• _Task details_
Repeat the entries that follow verbatim, without any of their pictures.

------ The data ------

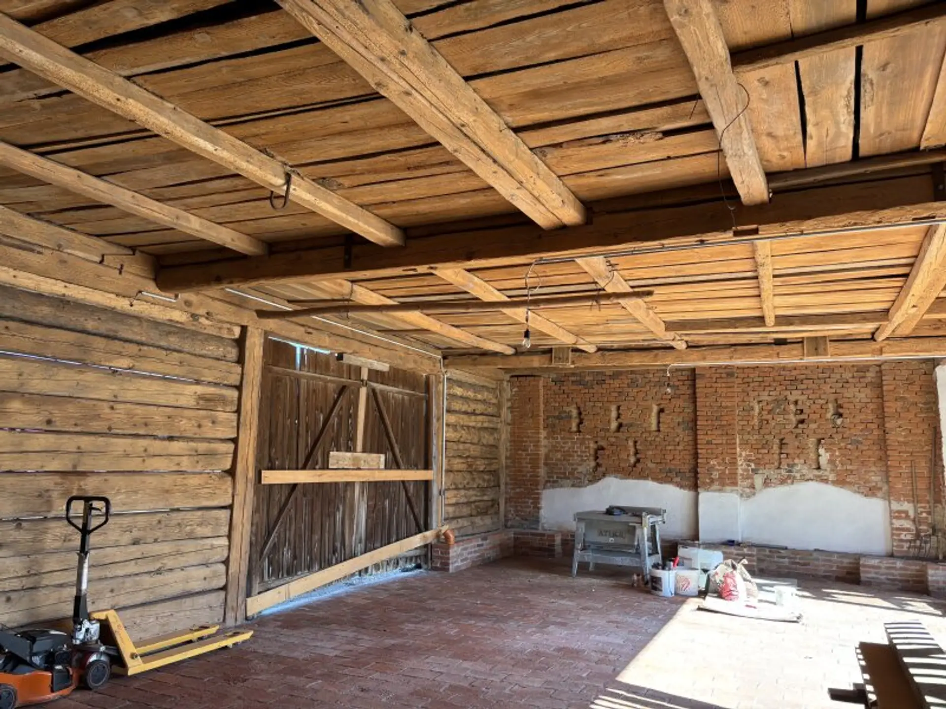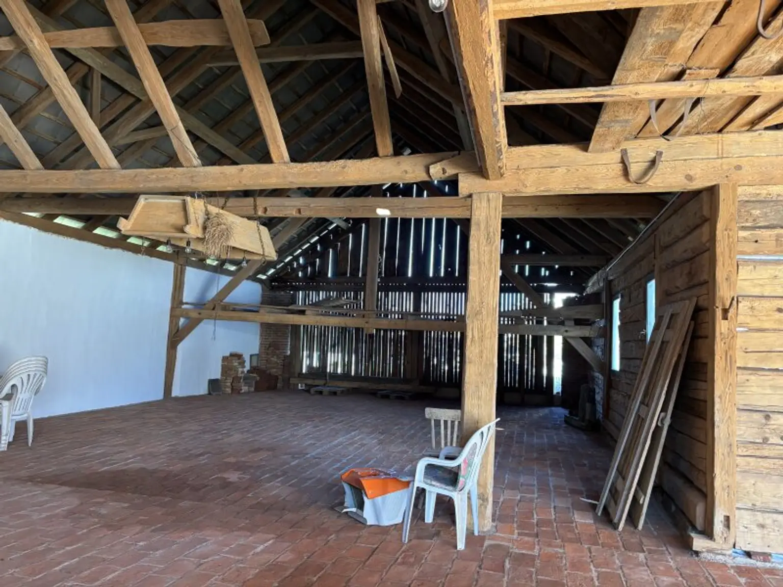 Durch den weiten , sonnigen Innenhof kann man den aussergewöhnlichen Stadel mit Autos oder auch anderen Fahrzeugen befahren. Hier wurden alte Ziegel als Boden verlegt und die Höhe des Stadels und die besondere Größe bieten sich sowohl als Lagerraum, Oldtimerplatz, Werkstatt oder Atelier an.
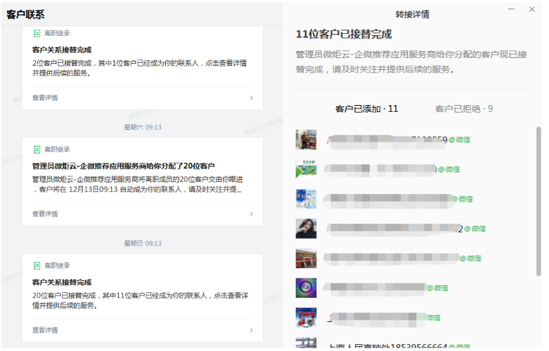 最重要的是,企业需要把顾客留在自己手中,才能提供持续稳定的服务。员工用企业微信加顾客微信,一旦员工离职,企业可以把他添加的顾客分配给其他员工继续服务,对企业来说,留住来之不易的顾客;对顾客来说,服务不中断,一直很贴心。
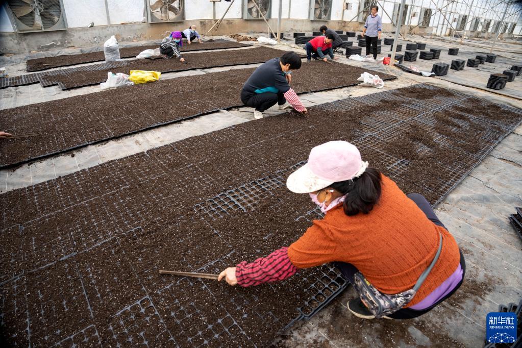4月17日,在河北省永清縣龍虎莊鄉興晟現代農業(yè)園區的育苗大棚內,農戶(hù)在育西瓜苗。
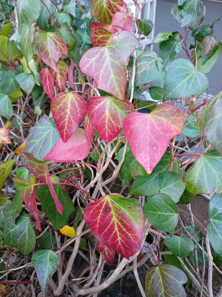 ここのキヅタはいつも赤くなりますが、赤くならないのも多いですね。
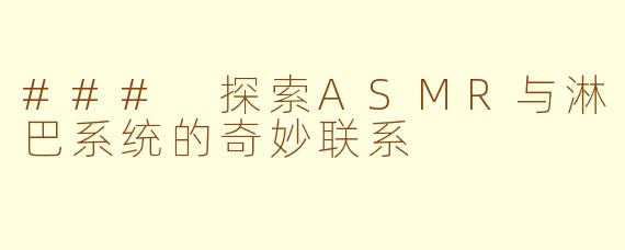 随着ASMR(自主感官经络反应)在网络上的流行,越来越多的人开始关注这种让人放松的声音体验。ASMR常常通过轻声细语、耳语、敲击声等音频刺激,引发听众的愉悦反应。而淋巴系统则是我们身体的重要组成部分,负责排毒和维持免疫力。那么,ASMR和淋巴系统之间究竟有什么联系?
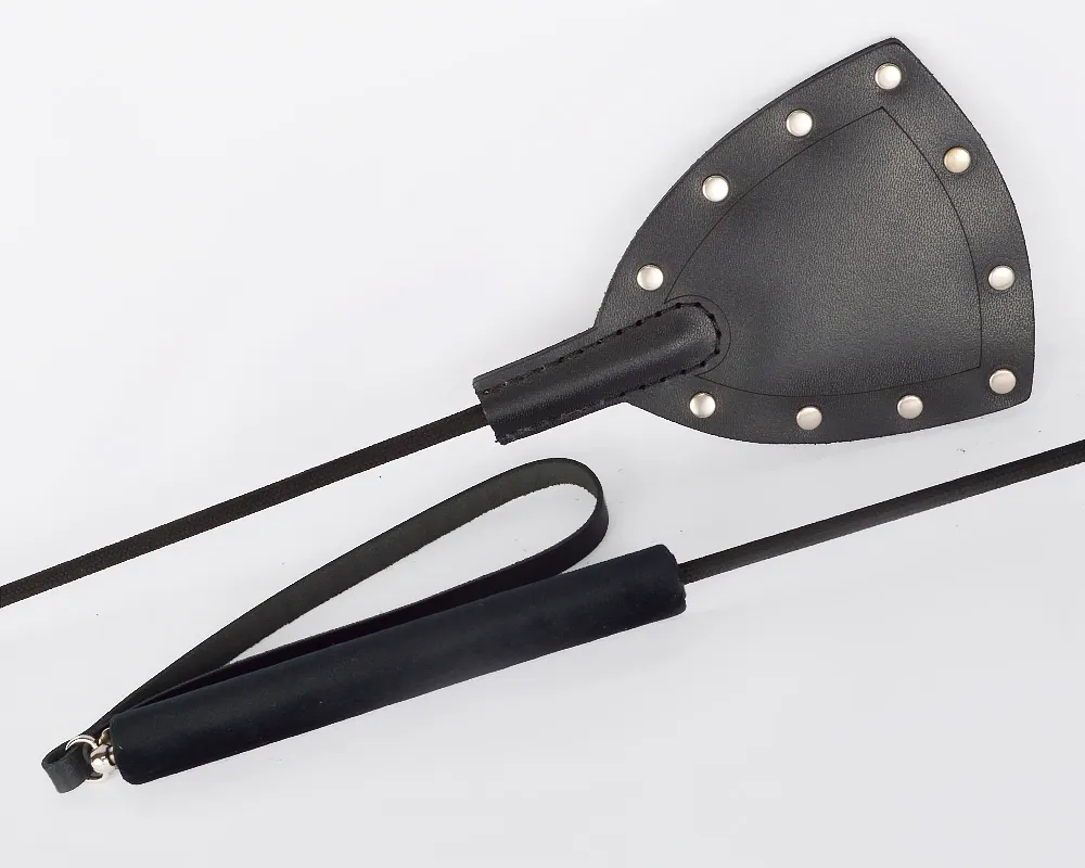 Стек и представлен в виде роскошного, изящного изделия черного цвета. Основательная хлопушка стека изготовлена из натуральной кожи высокого качества и украшена большим количеством клёпок. Хлопушку и рукоять соединяет упругий, но прочный хлыст. Ремешок-пет
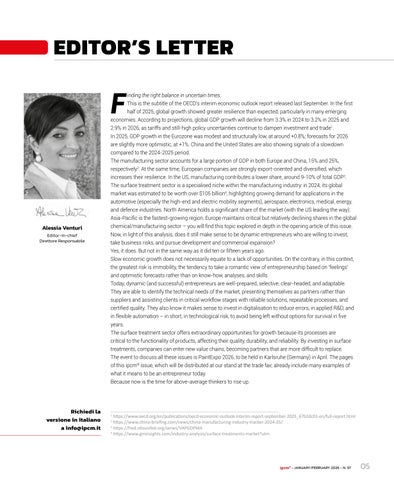 The surface treatment sector offers extraordinary opportunities for growth because its processes are critical to the functionality of products, affecting their quality, durability, and reliability. By investing in surface treatments, companies can enter new value chains, becoming partners that are more difficult to replace. The event to discuss all these issues is PaintExpo 2026, to be held in Karlsruhe (Germany) in April. The pages of this ipcm® issue, which will be distributed at our stand at the trade fair, already include many examples of what it means to be an entrepreneur today.
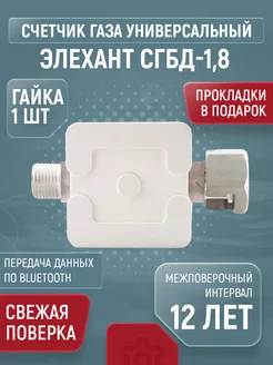 Счетчик газа бытовой СГБД-1,8 Ду 15 гайка в комплекте
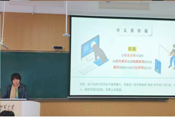 随后,赵岩老师结合学院实际情况,详细讲解宿舍安全、交通安全、实验室安全以及谨防网络诈骗等方面的知识。针对当前网络诈骗频发的现状,她详细讲解识别和防范网络诈骗的技巧,提醒学生们时刻保持警惕,保护好自己的个人信息和财产安全。
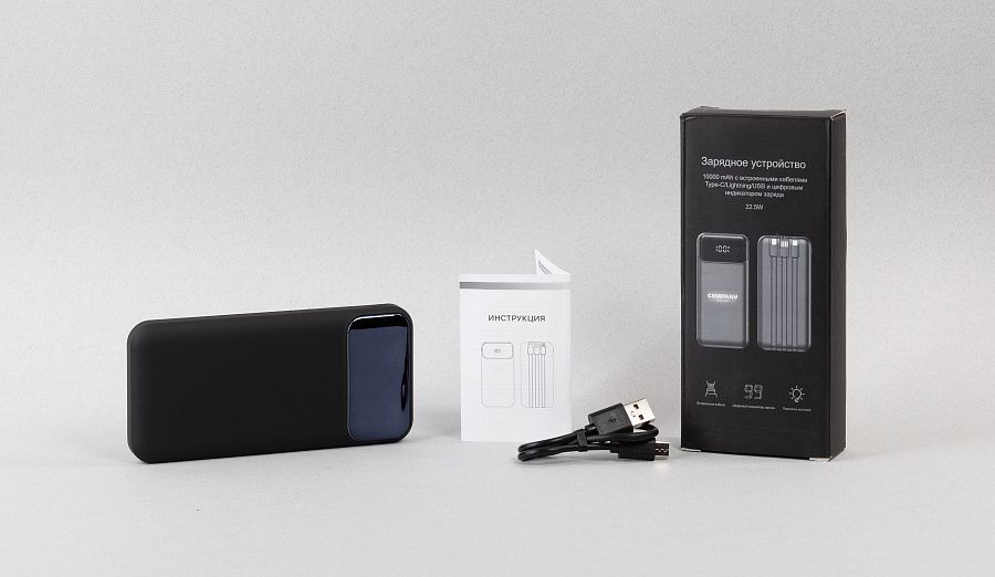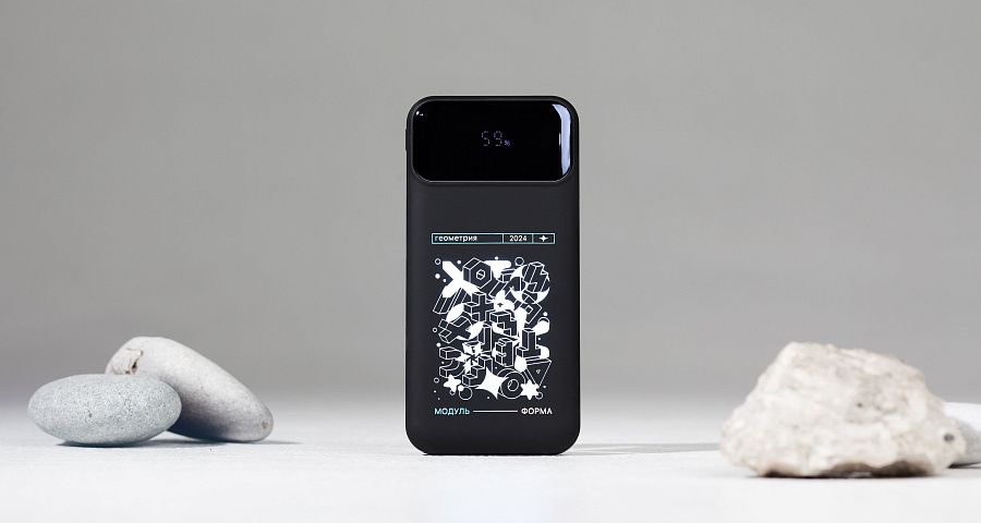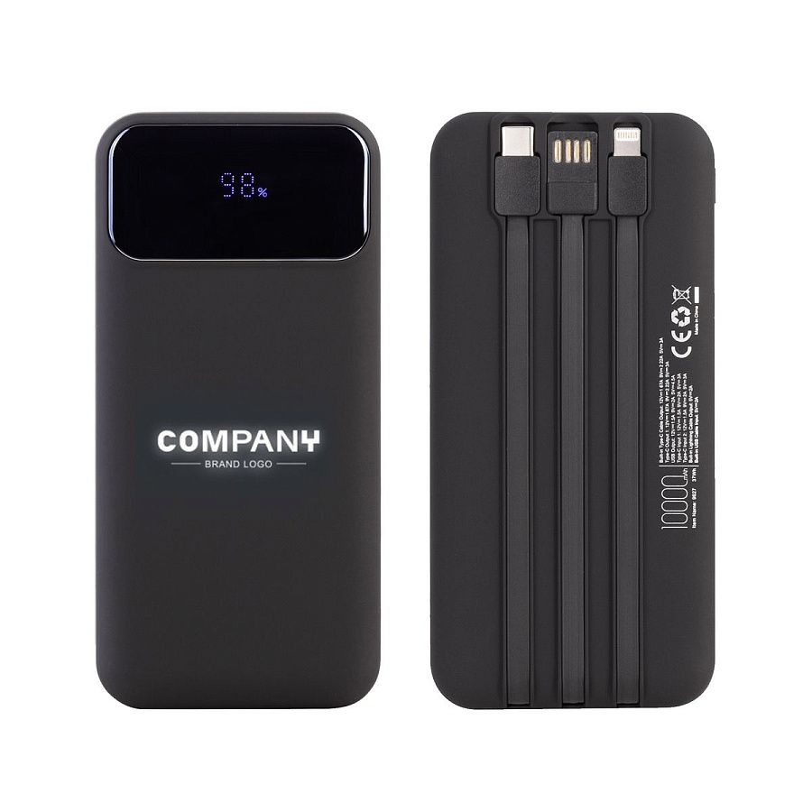 Быстрый зарядник с полезными удобными дополнительными опциями - встроенными кабелями и цифровой индикацией уровня оставшегося заряда в %. Супербонус - яркая персонализация в виде подсветки логотипа.
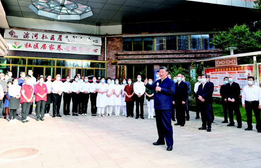 傍晚时分,习近平来到承德市高新区滨河社区居家养老服务中心。近年来,该社区通过政府购买服务、企业运营、社会参与的方式,为社区提供居家养老服务,探索解决老年人健康医疗、生活照料等问题。习近平察看信息化平台、适老化改造等项目,详细询问服务范围、救助方式等事项。习近平指出,满足老年人多方面需求,让老年人能有一个幸福美满的晚年,是各级党委和政府的重要责任。要推动养老事业和养老产业协同发展,发展普惠型养老服务,完善社区居家养老服务网络,构建居家社区机构相协调、医养康养相结合的养老服务体系。要把老有所为同老有所养结合起来,研究完善政策措施,鼓励老年人继续发光发热,充分发挥年纪较轻的老年人作用,推动志愿者在社区治理中有更多作为。要发挥社区作为联防联控、群防群控的第一道防线作用,始终绷紧疫情防控这根弦,全面做好“外防输入、内防反弹”各项工作,坚决克服麻痹思想、厌战情绪、侥幸心理、松懈心态,毫不放松抓好疫情防控。

------

• _Result of this exercise_
 Durch den weiten , sonnigen Innenhof kann man den aussergewöhnlichen Stadel mit Autos oder auch anderen Fahrzeugen befahren. Hier wurden alte Ziegel als Boden verlegt und die Höhe des Stadels und die besondere Größe bieten sich sowohl als Lagerraum, Oldtimerplatz, Werkstatt oder Atelier an.
 最重要的是,企业需要把顾客留在自己手中,才能提供持续稳定的服务。员工用企业微信加顾客微信,一旦员工离职,企业可以把他添加的顾客分配给其他员工继续服务,对企业来说,留住来之不易的顾客;对顾客来说,服务不中断,一直很贴心。
4月17日,在河北省永清縣龍虎莊鄉興晟現代農業(yè)園區的育苗大棚內,農戶(hù)在育西瓜苗。
 ここのキヅタはいつも赤くなりますが、赤くならないのも多いですね。
 随着ASMR(自主感官经络反应)在网络上的流行,越来越多的人开始关注这种让人放松的声音体验。ASMR常常通过轻声细语、耳语、敲击声等音频刺激,引发听众的愉悦反应。而淋巴系统则是我们身体的重要组成部分,负责排毒和维持免疫力。那么,ASMR和淋巴系统之间究竟有什么联系?
 Стек и представлен в виде роскошного, изящного изделия черного цвета. Основательная хлопушка стека изготовлена из натуральной кожи высокого качества и украшена большим количеством клёпок. Хлопушку и рукоять соединяет упругий, но прочный хлыст. Ремешок-пет
 The surface treatment sector offers extraordinary opportunities for growth because its processes are critical to the functionality of products, affecting their quality, durability, and reliability. By investing in surface treatments, companies can enter new value chains, becoming partners that are more difficult to replace. The event to discuss all these issues is PaintExpo 2026, to be held in Karlsruhe (Germany) in April. The pages of this ipcm® issue, which will be distributed at our stand at the trade fair, already include many examples of what it means to be an entrepreneur today.
 Счетчик газа бытовой СГБД-1,8 Ду 15 гайка в комплекте
 随后,赵岩老师结合学院实际情况,详细讲解宿舍安全、交通安全、实验室安全以及谨防网络诈骗等方面的知识。针对当前网络诈骗频发的现状,她详细讲解识别和防范网络诈骗的技巧,提醒学生们时刻保持警惕,保护好自己的个人信息和财产安全。
 Быстрый зарядник с полезными удобными дополнительными опциями - встроенными кабелями и цифровой индикацией уровня оставшегося заряда в %. Супербонус - яркая персонализация в виде подсветки логотипа.
 傍晚时分,习近平来到承德市高新区滨河社区居家养老服务中心。近年来,该社区通过政府购买服务、企业运营、社会参与的方式,为社区提供居家养老服务,探索解决老年人健康医疗、生活照料等问题。习近平察看信息化平台、适老化改造等项目,详细询问服务范围、救助方式等事项。习近平指出,满足老年人多方面需求,让老年人能有一个幸福美满的晚年,是各级党委和政府的重要责任。要推动养老事业和养老产业协同发展,发展普惠型养老服务,完善社区居家养老服务网络,构建居家社区机构相协调、医养康养相结合的养老服务体系。要把老有所为同老有所养结合起来,研究完善政策措施,鼓励老年人继续发光发热,充分发挥年纪较轻的老年人作用,推动志愿者在社区治理中有更多作为。要发挥社区作为联防联控、群防群控的第一道防线作用,始终绷紧疫情防控这根弦,全面做好“外防输入、内防反弹”各项工作,坚决克服麻痹思想、厌战情绪、侥幸心理、松懈心态,毫不放松抓好疫情防控。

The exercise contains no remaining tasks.